• **PROBLEM DESCRIPTION**:
Excluding any images, copy all of the lines below precisely as written.

• **GIVEN MATERIAL**:
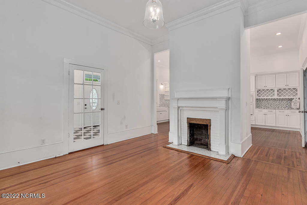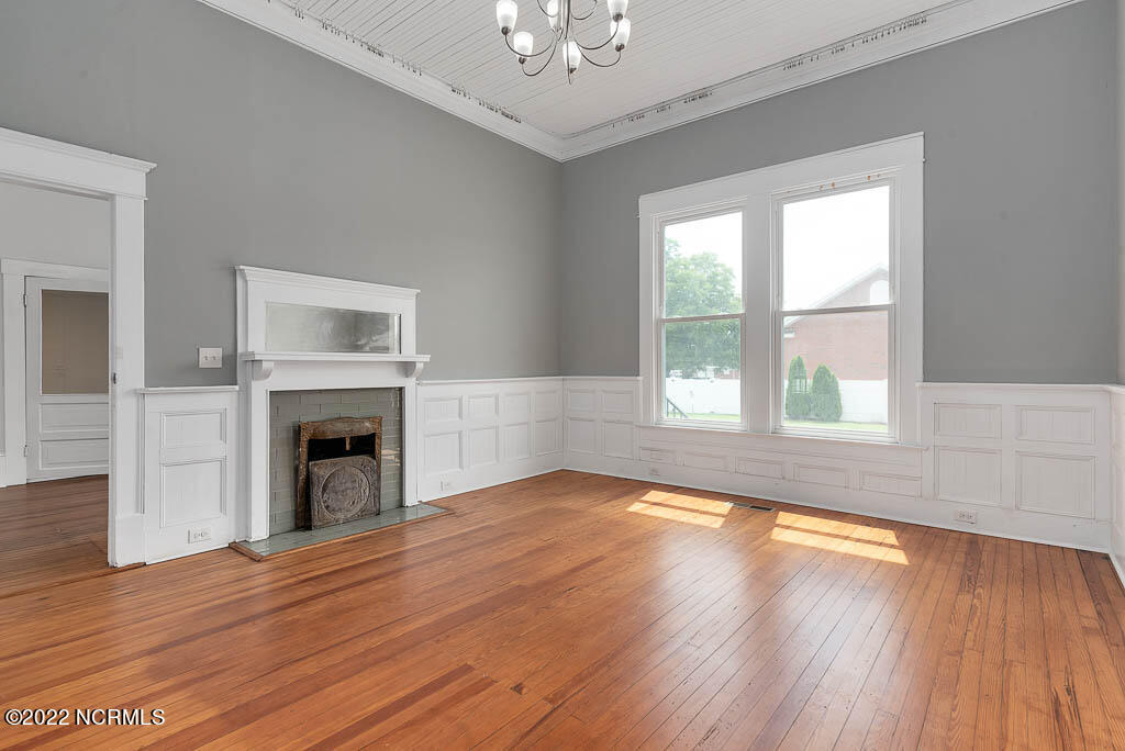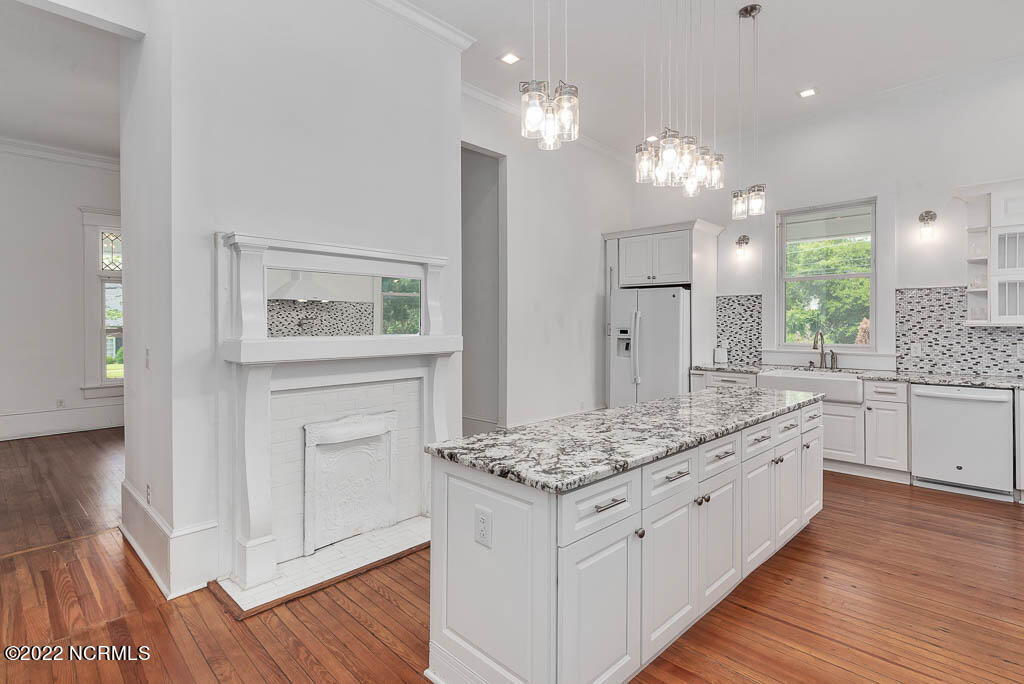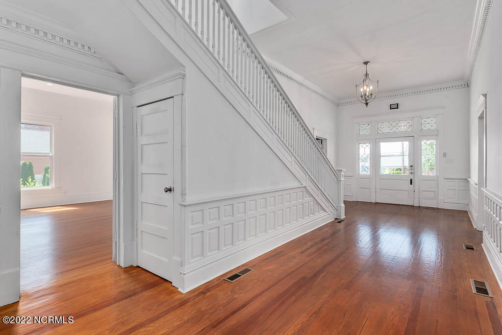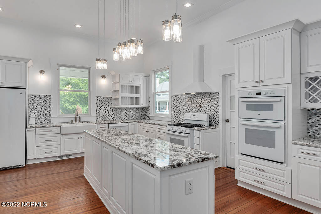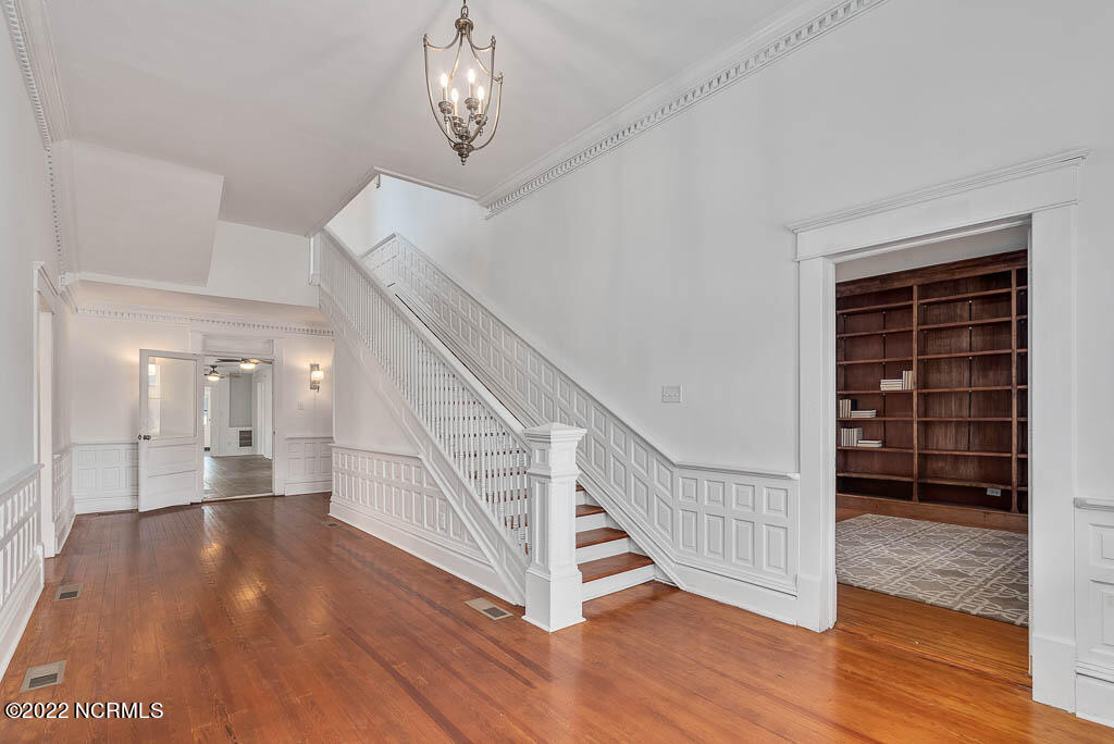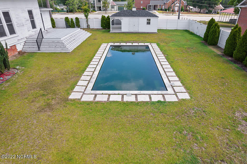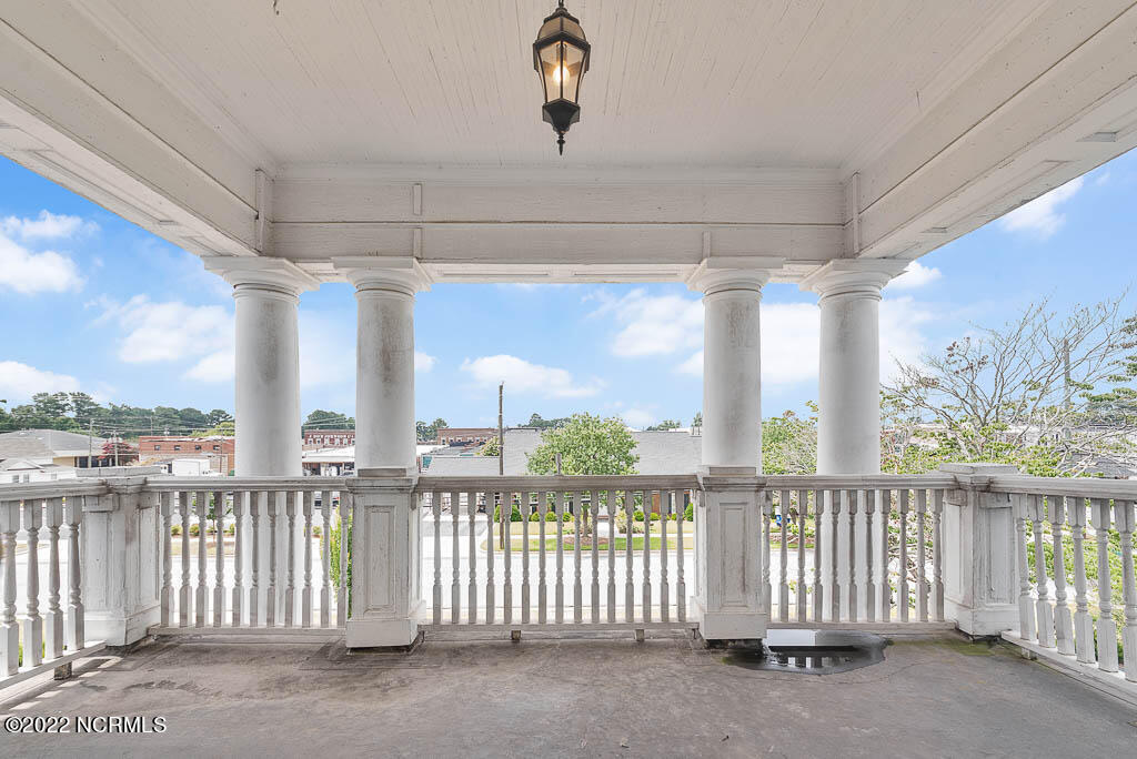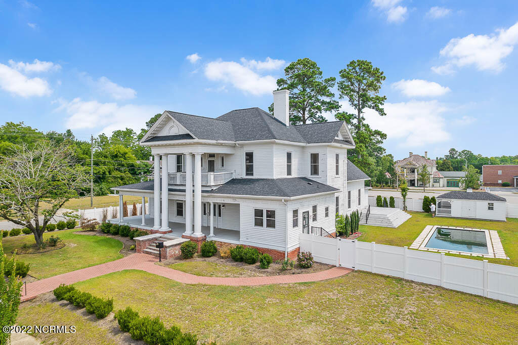 Recently sanded and painted! Check out this imposing two-story, double-pile framed house offers a unique blend of southern charm with modern upgrades. Its historic ''T'' shape comes with a hip roof above the front portion and gables on either side. The home's fluted Corinthian columns create an amazing curb appeal. The seemingly endless wraparound porch serves its guests an opportunity for relaxation. Entering the home, you immediately encounter beautiful wooden floors, elegant wainscoting and dentil crown molding. The impressive new kitchen offers granite counter tops, light fixtures, new appliances and an island that serves as an ideal gathering place. Off the study, there is a bedroom with a newly-added kitchenette equipped with a sink, microwave, mini-fridge and stovetop. There are several bedrooms on the first floor, an oversized laundry room and a powder room. The stately stairwell with white wooden spindles leads to the second floor where you will find three more bedrooms including the primary. The bathrooms have tile throughout and new clawfoot tubs. The primary bath features double shower heads, two sinks and mirrors. A second story balustraded balcony is on the front and in the rear are the tympanums of the pediment. Venturing up another flight of heart pine treads to the third floor, you will find a carpeted area perfect for a recreational room. On one side of the home, there is a private screened-in porch with an astounding 16-person spa. On the other side, you will enter a private area surrounded by a new white vinyl fence that offers a recently-added in-ground saltwater pool. This layout is perfect for cooling off during NC's warm summers and entertaining guests. This home can serve as the perfect primary residence; however, opportunistic entrepreneurs should take notice as well.
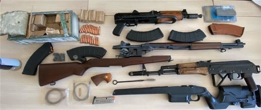 Η επιχείρηση περιελάμβανε μεταξύ άλλων, παράλληλες έρευνες σε οικίες, επιχείρηση, αποθηκευτικούς χώρους, οχήματα και αγροτεμάχια των εμπλεκομένων σε περιοχές των νομών Ηρακλείου, Ρεθύμνης και Αττικής. Χθες, εντοπίστηκε από αστυνομικούς του τμήματος Αντιμετώπισης Οργανωμένου Εγκλήματος Κρήτης, ένας εκ των συλληφθέντων Ελλήνων, κατά το χρόνο που παρέλαβε είδη οπλισμού από υπαίθριο χώρο επί της Εθνικής Οδού, τα οποία ήταν κρυμμένα στο συγκεκριμένο σημείο. Στη συνέχεια αφού ακινητοποιήθηκε, ακολούθησε έρευνα στον άνδρα, σε Ι.Χ.Φ. αυτοκίνητο ιδιοκτησίας του στο οποίο επέβαινε, καθώς και στον χώρο όπου βρέθηκαν και κατασχέθηκαν συνολικά, 2 πολεμικά τυφέκια (kalashnikov), τμήμα πολεμικού τυφεκίου, 6 γεμιστήρες, 722 φυσίγγια πολεμικού τυφεκίου, 2 ελατήρια κλείστρου, το χρηματικό ποσό των 1.795 ευρώ και κινητό τηλέφωνο.
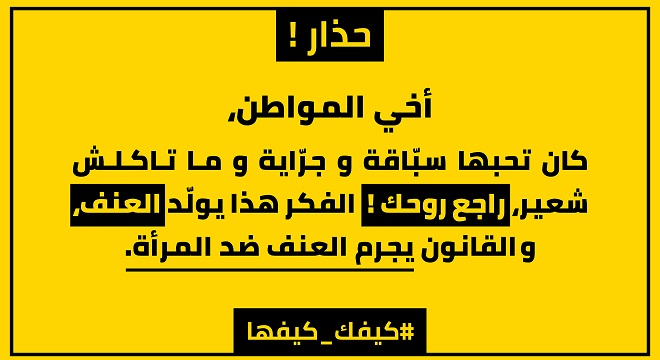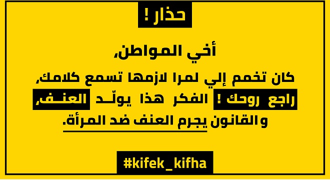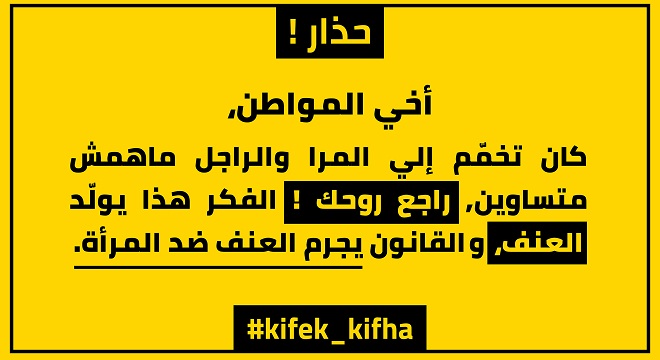 Pour ancrer ces messages et transformer les représentations sociales, la campagne #Kifek_Kifhaa été lancée dimanche 25 novembreà l’occasion des 16 joursd’activismes pour la lutte contre les violencesfaites aux femmes. Elle inclut une campagne de prévention en affichage, via des messages radio et les réseaux sociaux.
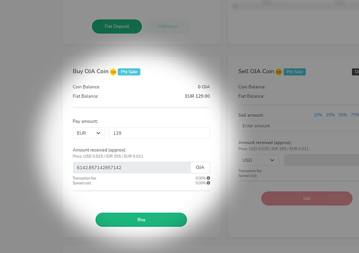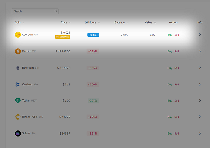 Once login, find OJA Coin the cryptocurrency list and hit Buy

• **REPLY**:
 Recently sanded and painted! Check out this imposing two-story, double-pile framed house offers a unique blend of southern charm with modern upgrades. Its historic ''T'' shape comes with a hip roof above the front portion and gables on either side. The home's fluted Corinthian columns create an amazing curb appeal. The seemingly endless wraparound porch serves its guests an opportunity for relaxation. Entering the home, you immediately encounter beautiful wooden floors, elegant wainscoting and dentil crown molding. The impressive new kitchen offers granite counter tops, light fixtures, new appliances and an island that serves as an ideal gathering place. Off the study, there is a bedroom with a newly-added kitchenette equipped with a sink, microwave, mini-fridge and stovetop. There are several bedrooms on the first floor, an oversized laundry room and a powder room. The stately stairwell with white wooden spindles leads to the second floor where you will find three more bedrooms including the primary. The bathrooms have tile throughout and new clawfoot tubs. The primary bath features double shower heads, two sinks and mirrors. A second story balustraded balcony is on the front and in the rear are the tympanums of the pediment. Venturing up another flight of heart pine treads to the third floor, you will find a carpeted area perfect for a recreational room. On one side of the home, there is a private screened-in porch with an astounding 16-person spa. On the other side, you will enter a private area surrounded by a new white vinyl fence that offers a recently-added in-ground saltwater pool. This layout is perfect for cooling off during NC's warm summers and entertaining guests. This home can serve as the perfect primary residence; however, opportunistic entrepreneurs should take notice as well.
 Η επιχείρηση περιελάμβανε μεταξύ άλλων, παράλληλες έρευνες σε οικίες, επιχείρηση, αποθηκευτικούς χώρους, οχήματα και αγροτεμάχια των εμπλεκομένων σε περιοχές των νομών Ηρακλείου, Ρεθύμνης και Αττικής. Χθες, εντοπίστηκε από αστυνομικούς του τμήματος Αντιμετώπισης Οργανωμένου Εγκλήματος Κρήτης, ένας εκ των συλληφθέντων Ελλήνων, κατά το χρόνο που παρέλαβε είδη οπλισμού από υπαίθριο χώρο επί της Εθνικής Οδού, τα οποία ήταν κρυμμένα στο συγκεκριμένο σημείο. Στη συνέχεια αφού ακινητοποιήθηκε, ακολούθησε έρευνα στον άνδρα, σε Ι.Χ.Φ. αυτοκίνητο ιδιοκτησίας του στο οποίο επέβαινε, καθώς και στον χώρο όπου βρέθηκαν και κατασχέθηκαν συνολικά, 2 πολεμικά τυφέκια (kalashnikov), τμήμα πολεμικού τυφεκίου, 6 γεμιστήρες, 722 φυσίγγια πολεμικού τυφεκίου, 2 ελατήρια κλείστρου, το χρηματικό ποσό των 1.795 ευρώ και κινητό τηλέφωνο.
 Pour ancrer ces messages et transformer les représentations sociales, la campagne #Kifek_Kifhaa été lancée dimanche 25 novembreà l’occasion des 16 joursd’activismes pour la lutte contre les violencesfaites aux femmes. Elle inclut une campagne de prévention en affichage, via des messages radio et les réseaux sociaux.
 Once login, find OJA Coin the cryptocurrency list and hit Buy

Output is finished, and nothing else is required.